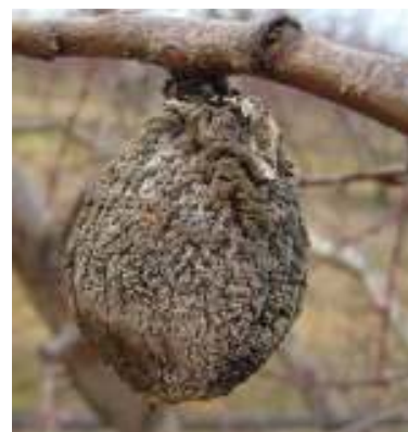
Frutto mummificato da monilia

Eventuali tagli straordinari di grandi dimensioni vanno subito disinfettati con appositi mastici per impedire l'ingresso di patogeni responsabili dei marciumi del legno mentre entro 2-3 giorni dalla
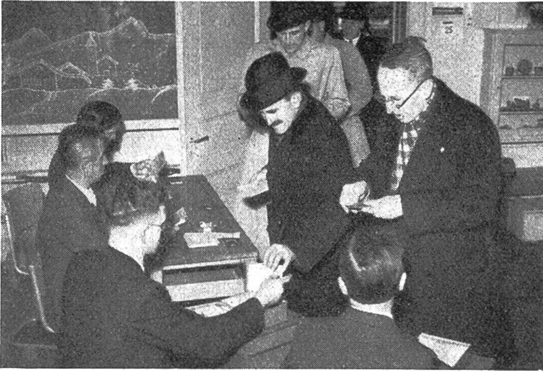
Gefaltet wird der Stimmzettel in die Urne gelegt.

umstrittenen Tabakvorlage und zur Preiskontrolle; er hatte zu entscheiden über Schulhausbauten, über Erweiterung des Friedhofs, über den Umbau der Stadtbibliothek. Soll die Umsatzsteuer abgeschafft werden? Ist für die Rüstungsauslagen ein Vermögensopfer oder eine andere Steuer zu erheben? Sind in den Häusern Luftschutzkeller zu erstellen? Wollen wir den industriellen Unternehmen vorschreiben, dass sie Reserven für die schlechten Zeiten anlegen?
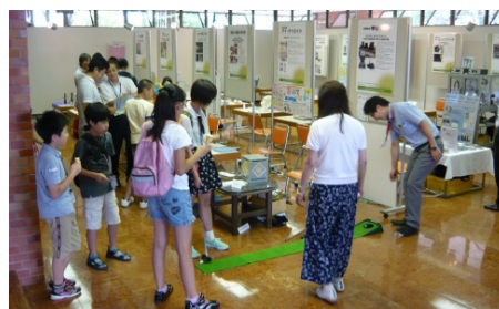
中小企業応援フェスタ(秋田市)
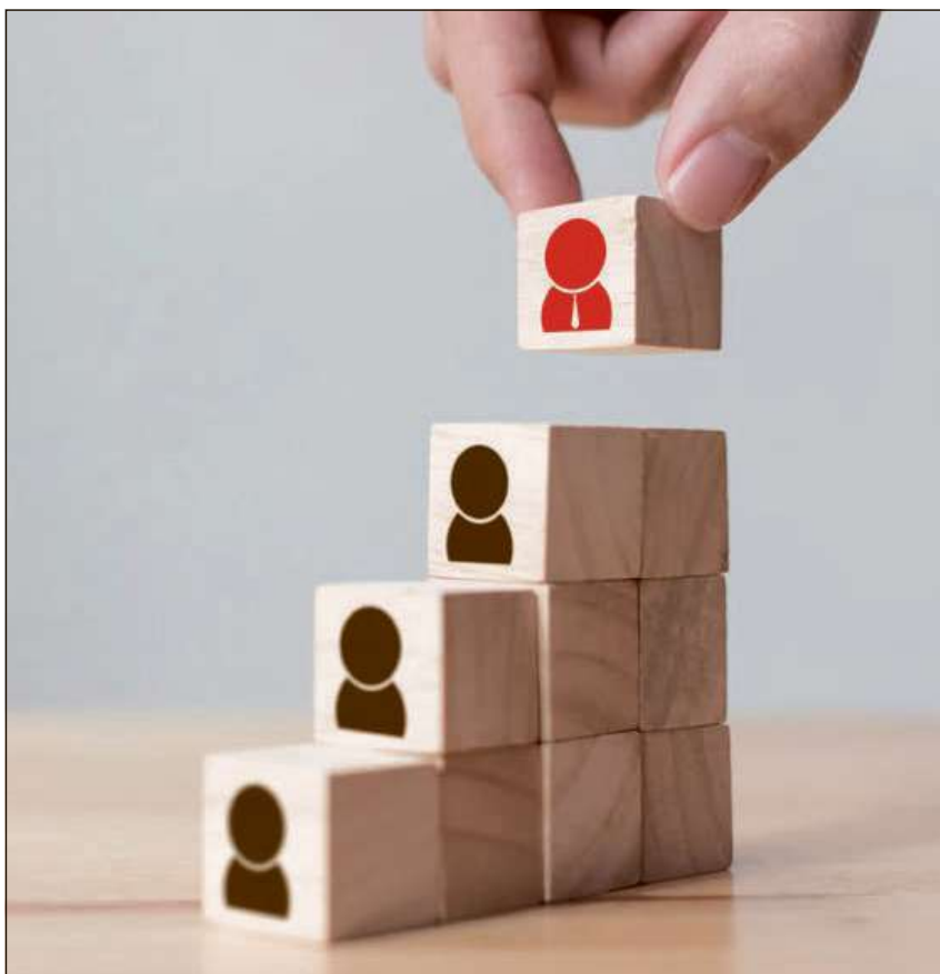
Ierarchia e cultura determineschan essenzialmain il svilup d'in'interpresa.

Il svilup dal persunal cumpiglia però era ristgs. La fluctuaziun dals collavurats po crescher sin fundament da la situaziun sin il martgà da lavur. Sch'i mancan las pussaivladads internas d'applitgar las qualifitgaziuns acquistadas demotivescha quai ils employiads. En pli demotiveschi il persunal sche singuls collavurats na vegnan betg resguardads en il rom da las mesiras da svilup ubain en moda fitg dif-ferenta. Ultra da quai èsi da princip grev da quantifitgar il success da talas mesiras.
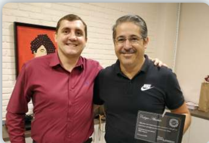
Colégio Absoluto Desde: 27 de janeiro de 2010

* * * *

* _What is expected_: Reproduce the listing exactly, but keep its images out of the copy.

* _Solution_:
Frutto mummificato da monilia

Eventuali tagli straordinari di grandi dimensioni vanno subito disinfettati con appositi mastici per impedire l'ingresso di patogeni responsabili dei marciumi del legno mentre entro 2-3 giorni dalla
Gefaltet wird der Stimmzettel in die Urne gelegt.

umstrittenen Tabakvorlage und zur Preiskontrolle; er hatte zu entscheiden über Schulhausbauten, über Erweiterung des Friedhofs, über den Umbau der Stadtbibliothek. Soll die Umsatzsteuer abgeschafft werden? Ist für die Rüstungsauslagen ein Vermögensopfer oder eine andere Steuer zu erheben? Sind in den Häusern Luftschutzkeller zu erstellen? Wollen wir den industriellen Unternehmen vorschreiben, dass sie Reserven für die schlechten Zeiten anlegen?
中小企業応援フェスタ(秋田市)
Ierarchia e cultura determineschan essenzialmain il svilup d'in'interpresa.

Il svilup dal persunal cumpiglia però era ristgs. La fluctuaziun dals collavurats po crescher sin fundament da la situaziun sin il martgà da lavur. Sch'i mancan las pussaivladads internas d'applitgar las qualifitgaziuns acquistadas demotivescha quai ils employiads. En pli demotiveschi il persunal sche singuls collavurats na vegnan betg resguardads en il rom da las mesiras da svilup ubain en moda fitg dif-ferenta. Ultra da quai èsi da princip grev da quantifitgar il success da talas mesiras.
Colégio Absoluto Desde: 27 de janeiro de 2010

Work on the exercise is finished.